Muzzin has the utmost faith and respect for the club’s medical staff to help him play as many games as possible.

“It’s unreal,” he says. “The boys over there will prolong your career.”

How Muzzin’s body will hold up to the rigors of another long season will be a question that will linger like a backache.

“I’m not worried about Jake,” says Keefe. “If anything, last year’s playoff experience showed us that he’s going to be ready to play as long as his body can get him in the lineup, which right now it seems to be.
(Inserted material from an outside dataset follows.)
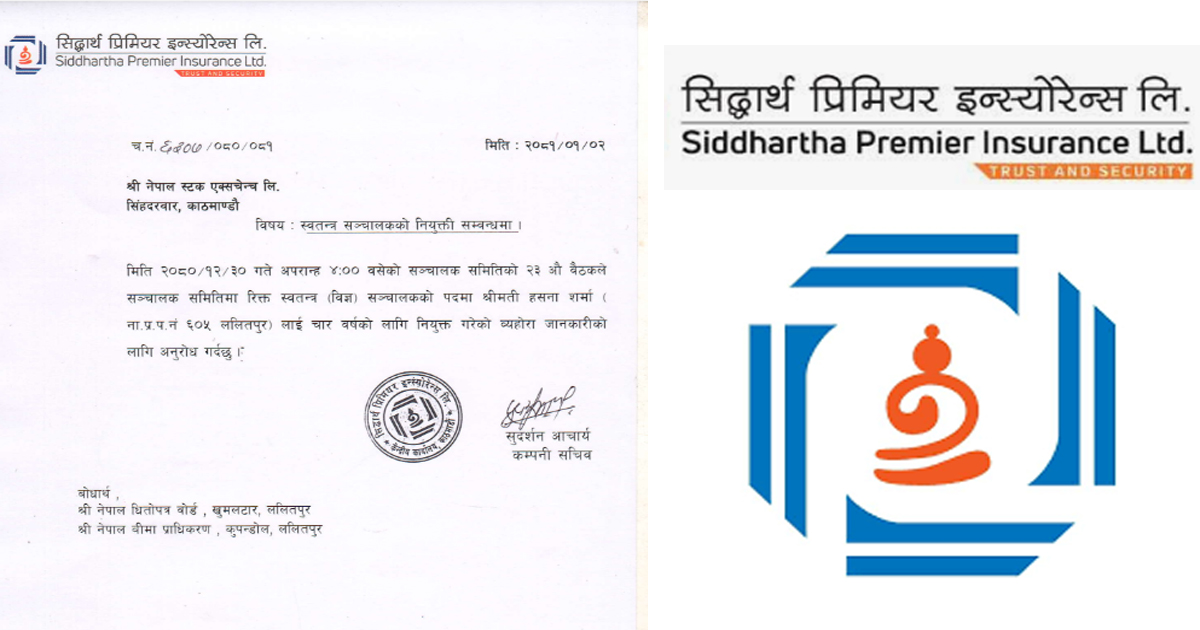 काठमाडौं । सिद्धार्थ प्रिमियर इन्स्योरेन्स लिमिटेडको रिक्त रहेको सञ्चालकमा हसना शर्मा नियुक्त भएकी छन् । कम्पनीको चैत ३० गते अपरान्ह ४ बजे बसेको सञ्चालक समितिको बैंठकको निर्णयले शर्मालाई सञ्चालक पदमा नियुक्त गरेको हो । कम्पनी सञ्चालकको सो पद केही...

He will be ready.”

Unique Timers: Matt Murray played 100 minutes in a Leafs sweater and only allowed one goal, during a Habs power play. He’s 44 by 45 in opposing shots… John Tavares (oblique) and Timothy Liljegren (hernia) have skated again…. With Tavares out, Michael Bunting Is doing well on his promotion to the top power play unit… Järnkrok Street was not feeling well enough to practice on Sunday but was back in action on Monday…. Pierre Engvall is recovering nicely after twisting his foot during off-season training, but he needs another round of imaging before getting the green light for contact. He is practicing with the full group and is hoping to see preseason action this weekend against the Red Wings. “We haven’t gotten to that point yet,” Keefe warns.